| Prompt |
The response should consist of the data reproduced word for word.

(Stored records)
☆ ☆ ☆
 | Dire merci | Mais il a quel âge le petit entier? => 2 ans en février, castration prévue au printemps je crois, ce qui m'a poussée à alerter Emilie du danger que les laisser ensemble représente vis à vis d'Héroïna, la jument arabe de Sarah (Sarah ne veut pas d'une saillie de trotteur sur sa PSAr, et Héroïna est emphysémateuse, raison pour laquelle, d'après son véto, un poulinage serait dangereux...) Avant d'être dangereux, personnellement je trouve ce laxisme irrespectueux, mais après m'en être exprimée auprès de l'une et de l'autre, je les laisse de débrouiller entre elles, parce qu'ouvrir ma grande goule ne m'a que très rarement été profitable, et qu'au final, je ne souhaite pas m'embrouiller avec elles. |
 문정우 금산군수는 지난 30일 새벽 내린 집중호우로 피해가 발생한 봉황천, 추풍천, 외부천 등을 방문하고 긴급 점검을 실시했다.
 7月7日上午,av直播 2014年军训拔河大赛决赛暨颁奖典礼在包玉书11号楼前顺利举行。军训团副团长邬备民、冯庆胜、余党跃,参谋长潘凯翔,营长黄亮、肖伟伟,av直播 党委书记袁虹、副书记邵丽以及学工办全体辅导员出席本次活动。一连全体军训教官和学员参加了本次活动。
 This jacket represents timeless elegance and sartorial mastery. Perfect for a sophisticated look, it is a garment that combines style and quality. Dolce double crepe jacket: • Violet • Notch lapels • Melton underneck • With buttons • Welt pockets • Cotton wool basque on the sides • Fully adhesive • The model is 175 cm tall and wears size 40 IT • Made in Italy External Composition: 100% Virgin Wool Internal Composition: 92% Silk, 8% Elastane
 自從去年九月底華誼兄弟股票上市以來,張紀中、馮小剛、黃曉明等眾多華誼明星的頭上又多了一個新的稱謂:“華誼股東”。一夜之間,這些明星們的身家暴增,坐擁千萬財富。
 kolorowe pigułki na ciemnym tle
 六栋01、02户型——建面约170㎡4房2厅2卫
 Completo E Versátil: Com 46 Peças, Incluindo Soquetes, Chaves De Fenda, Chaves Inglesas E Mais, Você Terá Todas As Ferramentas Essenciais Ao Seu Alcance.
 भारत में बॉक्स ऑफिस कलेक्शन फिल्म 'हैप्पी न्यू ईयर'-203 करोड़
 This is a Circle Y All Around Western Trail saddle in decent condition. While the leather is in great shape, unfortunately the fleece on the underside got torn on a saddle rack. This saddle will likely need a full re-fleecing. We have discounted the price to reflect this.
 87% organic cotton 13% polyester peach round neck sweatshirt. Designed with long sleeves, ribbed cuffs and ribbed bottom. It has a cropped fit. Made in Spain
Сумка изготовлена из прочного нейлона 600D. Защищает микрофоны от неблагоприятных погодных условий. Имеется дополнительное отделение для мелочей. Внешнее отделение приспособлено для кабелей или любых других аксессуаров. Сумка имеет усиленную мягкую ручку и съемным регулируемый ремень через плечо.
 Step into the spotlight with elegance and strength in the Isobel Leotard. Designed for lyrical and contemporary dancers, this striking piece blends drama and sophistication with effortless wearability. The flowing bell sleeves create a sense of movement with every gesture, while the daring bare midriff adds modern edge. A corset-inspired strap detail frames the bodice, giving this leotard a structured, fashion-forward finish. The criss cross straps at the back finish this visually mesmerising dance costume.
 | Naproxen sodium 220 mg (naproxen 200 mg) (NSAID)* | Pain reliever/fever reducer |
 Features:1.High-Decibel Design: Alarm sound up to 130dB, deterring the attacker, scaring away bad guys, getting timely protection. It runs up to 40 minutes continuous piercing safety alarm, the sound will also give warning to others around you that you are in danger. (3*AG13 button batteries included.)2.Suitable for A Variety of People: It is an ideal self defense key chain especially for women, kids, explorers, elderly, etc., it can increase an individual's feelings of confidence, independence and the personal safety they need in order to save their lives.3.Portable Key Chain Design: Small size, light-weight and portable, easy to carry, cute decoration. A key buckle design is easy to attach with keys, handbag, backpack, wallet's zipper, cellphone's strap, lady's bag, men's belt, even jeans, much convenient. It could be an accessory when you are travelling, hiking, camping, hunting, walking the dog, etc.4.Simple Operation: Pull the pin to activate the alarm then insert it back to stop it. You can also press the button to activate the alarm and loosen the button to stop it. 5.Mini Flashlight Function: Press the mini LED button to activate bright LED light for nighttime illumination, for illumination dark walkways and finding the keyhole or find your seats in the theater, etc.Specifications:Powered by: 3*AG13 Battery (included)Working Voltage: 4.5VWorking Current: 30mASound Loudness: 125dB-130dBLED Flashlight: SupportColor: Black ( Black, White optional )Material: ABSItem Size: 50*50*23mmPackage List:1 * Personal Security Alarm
☆ ☆ ☆
| Response area |
 | Dire merci | Mais il a quel âge le petit entier? => 2 ans en février, castration prévue au printemps je crois, ce qui m'a poussée à alerter Emilie du danger que les laisser ensemble représente vis à vis d'Héroïna, la jument arabe de Sarah (Sarah ne veut pas d'une saillie de trotteur sur sa PSAr, et Héroïna est emphysémateuse, raison pour laquelle, d'après son véto, un poulinage serait dangereux...) Avant d'être dangereux, personnellement je trouve ce laxisme irrespectueux, mais après m'en être exprimée auprès de l'une et de l'autre, je les laisse de débrouiller entre elles, parce qu'ouvrir ma grande goule ne m'a que très rarement été profitable, et qu'au final, je ne souhaite pas m'embrouiller avec elles. |
 문정우 금산군수는 지난 30일 새벽 내린 집중호우로 피해가 발생한 봉황천, 추풍천, 외부천 등을 방문하고 긴급 점검을 실시했다.
 7月7日上午,av直播 2014年军训拔河大赛决赛暨颁奖典礼在包玉书11号楼前顺利举行。军训团副团长邬备民、冯庆胜、余党跃,参谋长潘凯翔,营长黄亮、肖伟伟,av直播 党委书记袁虹、副书记邵丽以及学工办全体辅导员出席本次活动。一连全体军训教官和学员参加了本次活动。
 This jacket represents timeless elegance and sartorial mastery. Perfect for a sophisticated look, it is a garment that combines style and quality. Dolce double crepe jacket: • Violet • Notch lapels • Melton underneck • With buttons • Welt pockets • Cotton wool basque on the sides • Fully adhesive • The model is 175 cm tall and wears size 40 IT • Made in Italy External Composition: 100% Virgin Wool Internal Composition: 92% Silk, 8% Elastane
 自從去年九月底華誼兄弟股票上市以來,張紀中、馮小剛、黃曉明等眾多華誼明星的頭上又多了一個新的稱謂:“華誼股東”。一夜之間,這些明星們的身家暴增,坐擁千萬財富。
 kolorowe pigułki na ciemnym tle
 六栋01、02户型——建面约170㎡4房2厅2卫
 Completo E Versátil: Com 46 Peças, Incluindo Soquetes, Chaves De Fenda, Chaves Inglesas E Mais, Você Terá Todas As Ferramentas Essenciais Ao Seu Alcance.
 भारत में बॉक्स ऑफिस कलेक्शन फिल्म 'हैप्पी न्यू ईयर'-203 करोड़
 This is a Circle Y All Around Western Trail saddle in decent condition. While the leather is in great shape, unfortunately the fleece on the underside got torn on a saddle rack. This saddle will likely need a full re-fleecing. We have discounted the price to reflect this.
 87% organic cotton 13% polyester peach round neck sweatshirt. Designed with long sleeves, ribbed cuffs and ribbed bottom. It has a cropped fit. Made in Spain
Сумка изготовлена из прочного нейлона 600D. Защищает микрофоны от неблагоприятных погодных условий. Имеется дополнительное отделение для мелочей. Внешнее отделение приспособлено для кабелей или любых других аксессуаров. Сумка имеет усиленную мягкую ручку и съемным регулируемый ремень через плечо.
 Step into the spotlight with elegance and strength in the Isobel Leotard. Designed for lyrical and contemporary dancers, this striking piece blends drama and sophistication with effortless wearability. The flowing bell sleeves create a sense of movement with every gesture, while the daring bare midriff adds modern edge. A corset-inspired strap detail frames the bodice, giving this leotard a structured, fashion-forward finish. The criss cross straps at the back finish this visually mesmerising dance costume.
 | Naproxen sodium 220 mg (naproxen 200 mg) (NSAID)* | Pain reliever/fever reducer |
 Features:1.High-Decibel Design: Alarm sound up to 130dB, deterring the attacker, scaring away bad guys, getting timely protection. It runs up to 40 minutes continuous piercing safety alarm, the sound will also give warning to others around you that you are in danger. (3*AG13 button batteries included.)2.Suitable for A Variety of People: It is an ideal self defense key chain especially for women, kids, explorers, elderly, etc., it can increase an individual's feelings of confidence, independence and the personal safety they need in order to save their lives.3.Portable Key Chain Design: Small size, light-weight and portable, easy to carry, cute decoration. A key buckle design is easy to attach with keys, handbag, backpack, wallet's zipper, cellphone's strap, lady's bag, men's belt, even jeans, much convenient. It could be an accessory when you are travelling, hiking, camping, hunting, walking the dog, etc.4.Simple Operation: Pull the pin to activate the alarm then insert it back to stop it. You can also press the button to activate the alarm and loosen the button to stop it. 5.Mini Flashlight Function: Press the mini LED button to activate bright LED light for nighttime illumination, for illumination dark walkways and finding the keyhole or find your seats in the theater, etc.Specifications:Powered by: 3*AG13 Battery (included)Working Voltage: 4.5VWorking Current: 30mASound Loudness: 125dB-130dBLED Flashlight: SupportColor: Black ( Black, White optional )Material: ABSItem Size: 50*50*23mmPackage List:1 * Personal Security Alarm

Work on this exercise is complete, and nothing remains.